The MSP430G2553 launchpad family of chips automatically selects a digital control oscillator (DCO) as the clock source after reset, with a default clock frequency of approximately 1 MHz. it is recommended that beginners use the chip's internal DCO, which reduces the number of wires and eliminates the need to program the clock module.

3.MSP430F2619 chip

Texas Instruments (TI) produced 64-pin PM package form the MSP430F2619 chip pin arrangement and functional block diagram are shown below.

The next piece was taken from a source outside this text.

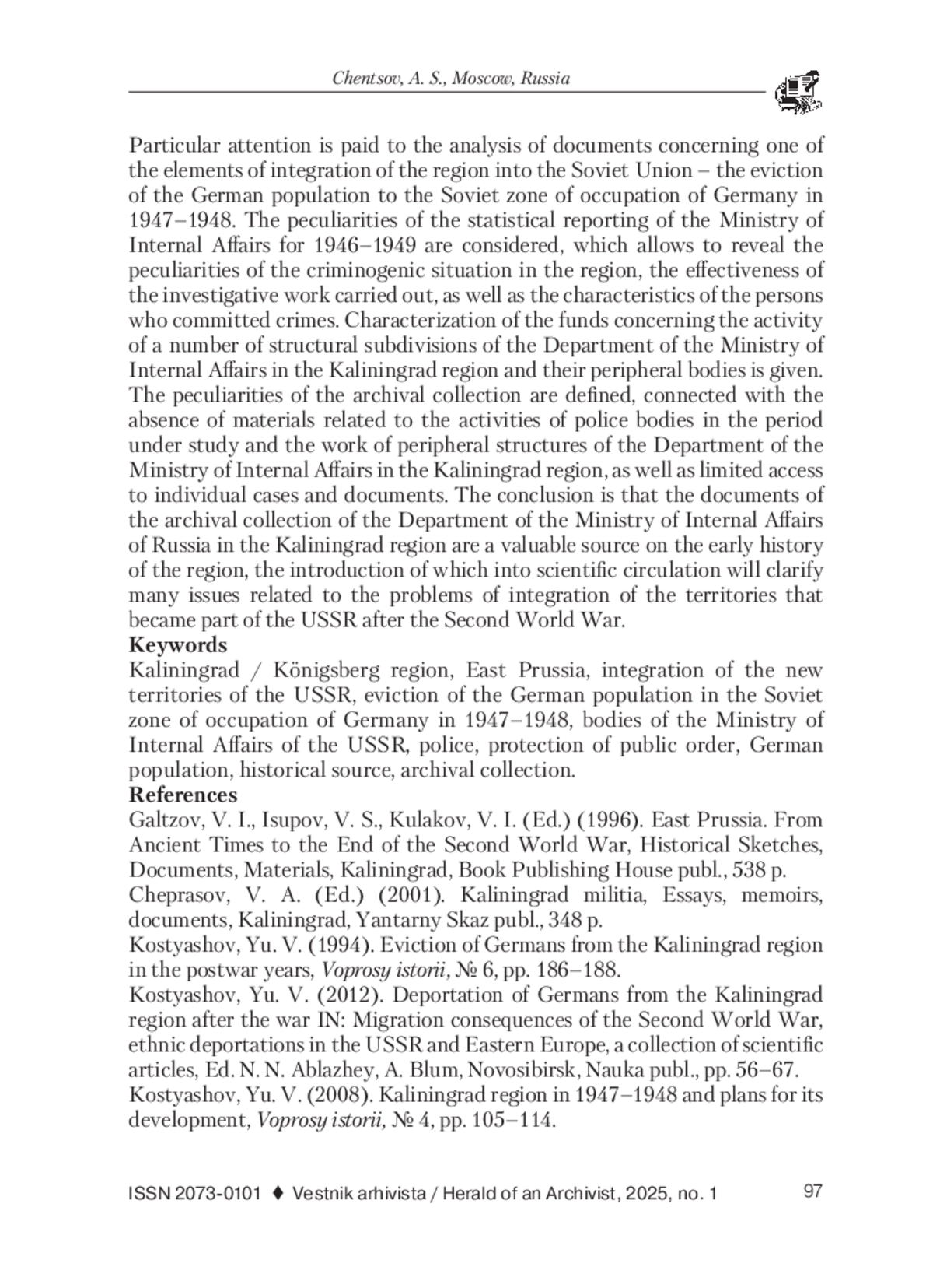 3. Костяшов, Ю. В. Выселение немцев из Калининградской области в послевоенные годы // Вопросы истории. 1994. № 6. С. 186-188.

MSP430G2231 chip has a two-row inline package form, cheap, suitable for beginners, but the chip has less internal logic resources. MSP430F2619 chip only table-mounted package form, must be designed specifically for it printed circuit board, together with the chip itself, making the use of higher costs, but the chip has a wealth of internal logic resources.

MSP430F2619 chip uses 2 groups of power supply pins. The first group, DVCC and DVSS, for the digital circuit part of the power supply pins. Group 2, AVCC and AVSS, for the analog circuit part of the power supply pins. The purpose of dividing into two parts is to avoid the influence of the operation of the digital circuit on the stability of the analog circuit power supply.

The system clock module "Clock System" is capable of connecting two types of resonant crystals, one with a lower resonant frequency and the other with a higher resonant frequency. The maximum resonant frequency of the crystal is 16 MHz, and the high clock frequency supports the fast signal processing speed of the chip. Using a crystal resonator-based clock signal source, the msp430 datasheet has much higher frequency stability than using the chip's internal clock signal source.

MSP430 F2619 chip has 120kB of Flash program memory, 4kB of RAM data memory.

For analog signal interface, MSP430F2619 chip has analog/digital conversion and digital/analog conversion capability. The chip's internal analog/digital converter has 12-bit resolution with 8 independent channels, each of which can be set by software to connect to the chip's pins. The chip's internal digital/analog converter also has 12-bit resolution with 2 independent channels, each of which is also set to connect to the chip's pins via software.

For digital signal interfaces, the MSP430F169 chip provides parallel and serial digital input/output ports. The former includes 6 ports with 8 bits, P1 to P6 ports; the latter has 2, both of which are capable of operating in UART, SPI, or I2C modes of operation. Each type of port can be set to connect to the chip's pins via user software.

The chip also contains two 16-bit timers with capture/compare functionality, analog voltage comparator, watchdog "Watchdog" circuit, hardware multiplier and other circuits. ESP430G2) development kit using "Spy-Bi-Wire" 2-wire interface, so this development kit can not be used to achieve the MSP430F2619 chip programming / debugging.

4. Summary

Texas Instruments (TI) MSP430 series microcontroller (MCU) chip has an internal integrated analog/digital converter (ADC) and digital/analog signal converter (DAC), which makes it able to receive and output not only digital signals, but also analog signals, so called mixed-signal processors.

MSP430 microcontroller basics series of microcontrollers is the most important feature of energy saving, for which the series of chips have user-programmable clock circuit and system operating mode. In order to meet the needs of different applications, TI offers a variety of models of chips, which have different prices, different functional module composition, different logic resources and different package forms.